The HTTP status codes are metadata about the transfer of documents over a network domain. So it is really the wrong mechanism to use to finesse fine grained distinctions in your documents.
For instance, take a look at the cache invalidation specification, and notice please the distinction between the handling of 2xx and 4xx responses to unsafe requests.
As a matter of principle, HTTP data belongs in the headers, your data belongs in the body, and its only when your data is going to be of interest to general purpose HTTP components that we should be lifting copies of your data into the HTTP meta data.
But, as far as I know, not authoritative. This is all very hand wavy, and not easily matched to a specific RFC or advisory.

Related

Is a 404 http code appropriate when a successful REST query gives 0 results?

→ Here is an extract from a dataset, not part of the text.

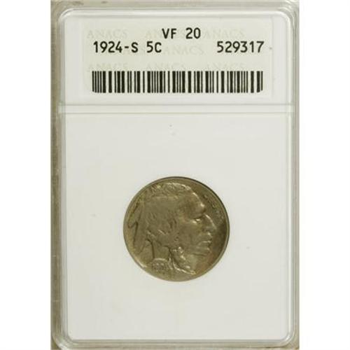 <B>1924-S 5C VF20 ANACS.</B></I> NGC Census: (65/350). PCGS Population (64/469). Mintage: 1,437,000. Numismedia Wsl. Price for NGC/PCGS coin in VF20: $365. (#3953)<BR><BR><B>Coin Engraver:</B> James E. Fraser<BR><BR><b>Shipping:</b> Coins & Currency (<a target="_blank" href="http://www.heritageauctions.com/common/shipping.php">view shipping information</a>)

We had a bit of a heated debate at work this week regarding the proper use of HTTP error code 404. I feel that it is being used inappropriately in this situation, and they insist that "this is how it is everywhere".
Here's the scenario:
We have a REST API endpoint with a static URI like "https://server.domain.com/restapi/getnode" that accepts a json body during a POST operation to see if a server exists within the database. There is 1 server allowed per query.
The way it is designed, if the server exists, it returns http code 200 with the body of the message being the details of the server within the database. If it doesn't exist, then they return a 404 code with the message "server x is not found in database y".
I feel that this is incorrect because according to the standards from W3C 4xx codes are for client-related issues, and 404 is specifically if the server can not server up that specific URI. Further, this is not really an error, we would not only expect the occasional negative/empty response as part of the normal business, but that is expected to be the state on the majority of the calls.
Their response to this is that according to sources such as AWS REST Standards and ServiceNow REST Standards that 404 is appropriate because the query didn't find the server, therefore it couldn't find the resource (To which I feel that they are misinterpreting the term "resource").
So, who is correct here? Or is this more of a gray area than I think it is?
The relevant part of the specification here is Client Error 4xx.
Except when responding to a HEAD request, the server SHOULD send a representation containing an explanation of the error situation, and whether it is a temporary or permanent condition.
User agents SHOULD display any included representation to the user.
In other words, the status code is meta data that indicates to general-purpose components that the payload of the response is an explanation of the error, and not a representation of the resource.
If what you are actually doing is returning a representation of the resource which is at this moment an empty list, then you should be using a Successful code, not a Client Error code.
For example, if we have a resource that lists women who have been sworn into the office of President of the United States, the expression of that resource, as of 2019-09-25, would be an empty list. So a standard HTTP response would look like
200 OK
Content-Type: application/json
[]
On the other hand, this response says something completely different
404 Not Found
Content-Type: application/json
[]
What this says is that there was no current representation of the requested resource, and the representation of the explanation of the problem is an empty list, so please show an empty list to the user so that they know what to do.
This is a neverending debate with no useful outcome. See for example How to design RESTful search/filtering?, Do web applications use HTTP as a transport layer, or do they count as an integral part of the HTTP server? (disclaimer: my question), and thousands of other questions on the Stack Exchange network and thousands of blogs like "which status code to pick for REST scenario XYZ".
The fact that you're using POST for a request with GET semantics, means you're already not properly applying REST. POST is used to create resources, not to find existing resources. If you have a "servers" resource collection, then you're dealing with "server" resources.
If you want to have a "find-server" endpoint, and you want to use POST to "create" a "find-server resource result", which you can then issue a GET request to to obtain your search results, you're a masochist who tries to shoehorn an application into a design philosophy that doesn't fit the problem domain.
So just be pragmatic. Does the endpoint exist? Yes, so 404 is not applicable. Return a 200 (the resource exists, the request is correct) with an body indicating no results were found, or a 204 ("no content") without a body.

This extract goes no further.